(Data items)
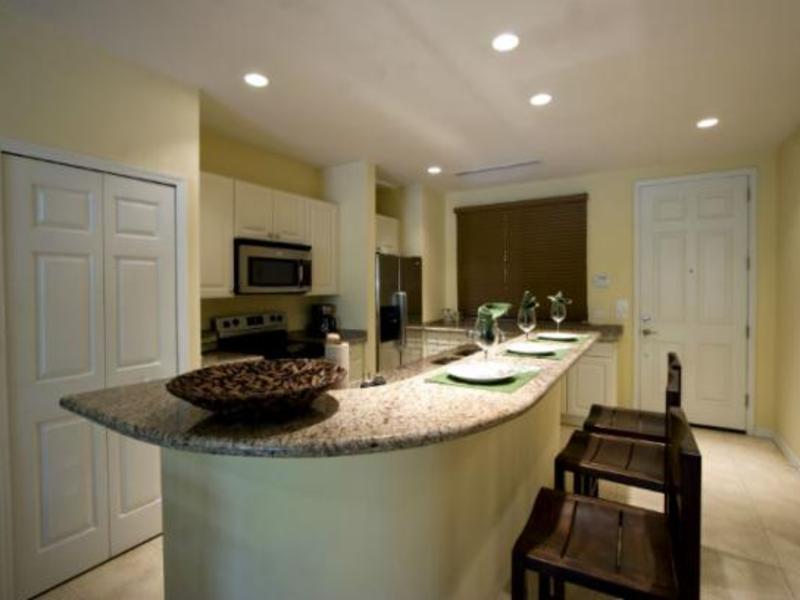 The condo is next to the lap pool on the first floor. It has a spacious kitchen with all the appliances including dish washer. There is a guest bedroom at the front of the condo with 2 twin size beds. Next to it is a full bathroom.
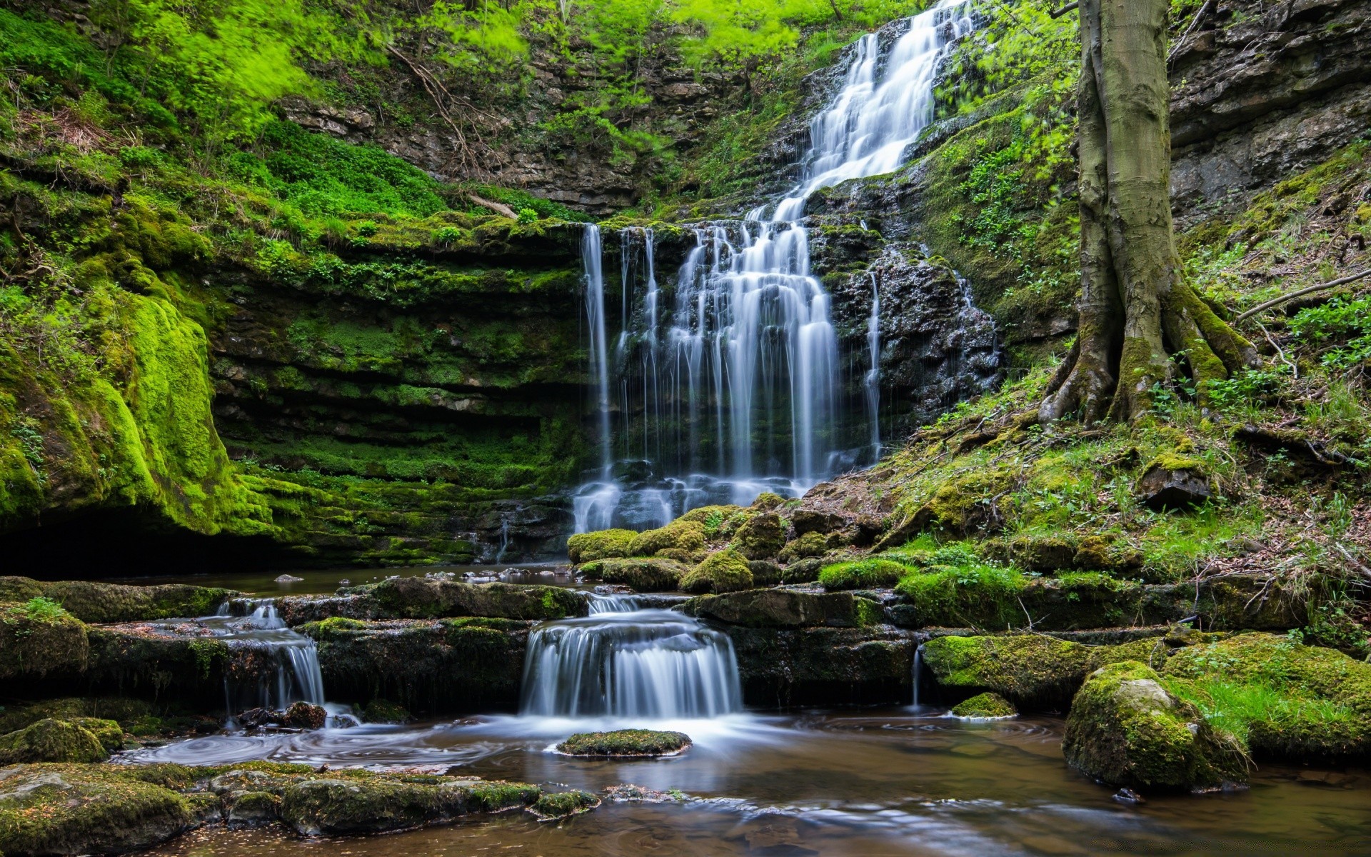 Paisagem de verão de uma cachoeira entre árvores em uma encosta de montanha
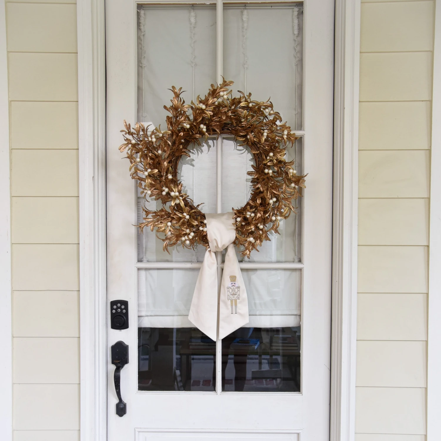The 24″ Gold Metallic Berry Wreath gives a stylish and festive touch to any home. With metallic gold branches and pearl-like, white berries, this gorgeous wreath is perfect for indoors or outdoors from Fall through Christmas. Style with ribbon or a wreath sash.Â
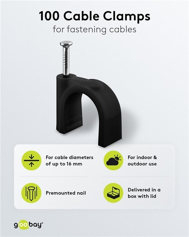 Organizér káblov ideálny na kladenie káblov na steny, zárubne a rohy. Vysokokvalitný stabilizovaný PE plast a pozinkované oceľové klince. Káblové svorky s klincami môžete použiť v interiéri aj exteriéri a dosiahnuť tak dobrú izoláciu, odolnosť voči korózii a starnutiu.
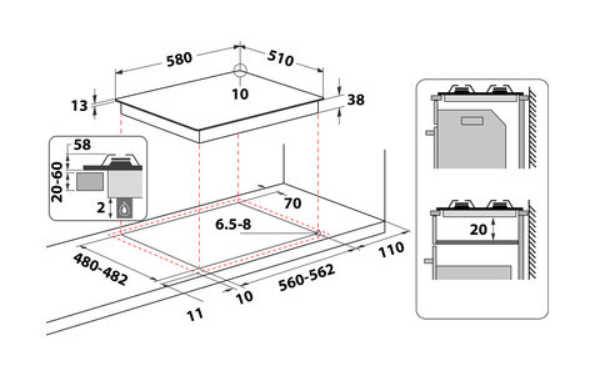 | Šířka pro vestavbu cm | 56 |

- [Your task]: The records above are to be restated word for word, excluding all pictures.

- [Your response]:
 The condo is next to the lap pool on the first floor. It has a spacious kitchen with all the appliances including dish washer. There is a guest bedroom at the front of the condo with 2 twin size beds. Next to it is a full bathroom.
 Paisagem de verão de uma cachoeira entre árvores em uma encosta de montanha
The 24″ Gold Metallic Berry Wreath gives a stylish and festive touch to any home. With metallic gold branches and pearl-like, white berries, this gorgeous wreath is perfect for indoors or outdoors from Fall through Christmas. Style with ribbon or a wreath sash.Â
 Organizér káblov ideálny na kladenie káblov na steny, zárubne a rohy. Vysokokvalitný stabilizovaný PE plast a pozinkované oceľové klince. Káblové svorky s klincami môžete použiť v interiéri aj exteriéri a dosiahnuť tak dobrú izoláciu, odolnosť voči korózii a starnutiu.
 | Šířka pro vestavbu cm | 56 |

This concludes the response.